I want Margaret O’Brien in “Meet Me in St Louis.” She is the heart of the family, the brave urchin at Halloween. She joins her older sister (Judy Garland) in an exquisite dance number and smashes her own snowmen as if moved by Judy’s wistful “Have Yourself a Merry Little Christmas.” She doesn’t plead for love or cuddles, but reveals a tough, imaginative, depressive child, someone to worry over.

I want Jean-Pierre Leaud in Francois Truffaut’s “Les 400 coups.” He was 14 and playing younger, a version of Truffaut himself, the wild child who might end up badly, but who seems saved by being in a movie and by realizing that seeing yourself on a screen is a way of trying to grow up. The last frozen close-up, as the boy runs to the ocean, is a perfect expression of the fear and the hope in a child waiting for life.

I want Patty McCormick in “The Bad Seed.” Now, this is a strange film, and Patty plays a very bad girl indeed — about as far from any sentimental sense of childhood as movies have gone (short of kids like Damian in “The Omen”). The acting is awkward sometimes, until you see that Patty was probably a good girl and she’s trying to imagine evil.

Here’s one that’s recent, but I can’t forget Haley Joel Osment in “The Sixth Sense,” a clever and intricate film in which Osment plays the kind of kid who needs a lot of help in life, but who ends up giving help to others. He’s a spirit more than a real child, and it’s extraordinary that Osment grasped that without being sinister, or coy.

Anna Paquin in “The Piano” is the embodiment of Dickensian childhood, in some ways a very wise old woman, and then a kid who does cartwheels on the stormy beach. She has very troubled elders to put up with, and brings such fondness and charity to the art of watching them. There are children who promise eternity, stamina and endurance. She is one of them.

In Carol Reed’s film “The Fallen Idol,” Bobby Henrey plays a little boy who is cared for by the family butler (Ralph Richardson), until he begins to be caught up in that sad man’s private life and the possibility of murder. They say Reed schooled Bobby in every word and gesture. It worked.

Do you remember Carlos Saura’s film from the 1970s, “Cria cuervos,” in which Geraldine Chaplin played with a little girl, Ana Torrent? Extraordinary, haunting, they both play the same person.

Pushed for space, I want George Winslow, who played in two Howard Hawks films.
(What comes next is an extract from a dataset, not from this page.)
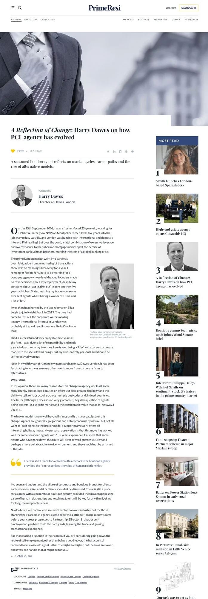 The prime London market went into paralysis overnight, aside from a smattering of transactions; there was no meaningful recovery for a year. I remember feeling fortunate to be working for a boutique agency whose level-headed founders made no rash decisions about my employment, despite my concerns about 'last in, first out'. I spent another 5 years at Hobart Slater, learning my trade from some excellent agents whilst having a wonderful time and a lot of fun.

He’s the kid onboard ship who finds Marilyn Monroe trying to squeeze through a porthole in “Gentlemen Prefer Blondes.” Sad of voice and expression, no male onscreen understood her better. And he’s also the boy who terrorizes his kidnappers (Fred Allen and Oscar Levant) in “Full House.” The funniest kid in pictures.

Tatum O’Neal as Addie Pray in “Paper Moon,” acting with her father (and doing her best to educate him), grim, tough, a killer, but a frightened child, too, and divine in her scenes with Madeline Kahn.

Last: Kelly Reno in “The Black Stallion,” swimming for his life, finding the horse, riding him at magic hour and then coming home, being trained by Rooney and winning the big race. Are we quite sure Kelly Reno wasn’t Mickey Rooney?

There are many I’ve left out — Jackie Cooper, Jackie Coogan, Dean Stockwell, Jon Whiteley, Brandon DeWilde, Mary Badham, Drew Barrymore, Natalie Wood, Jodie Foster, Hayley Mills — but they are not forgotten.

David Thomson is the author of “The Whole Equation: The History of Hollywood” (Knopf) and the recent biography “Nicole Kidman” (Knopf).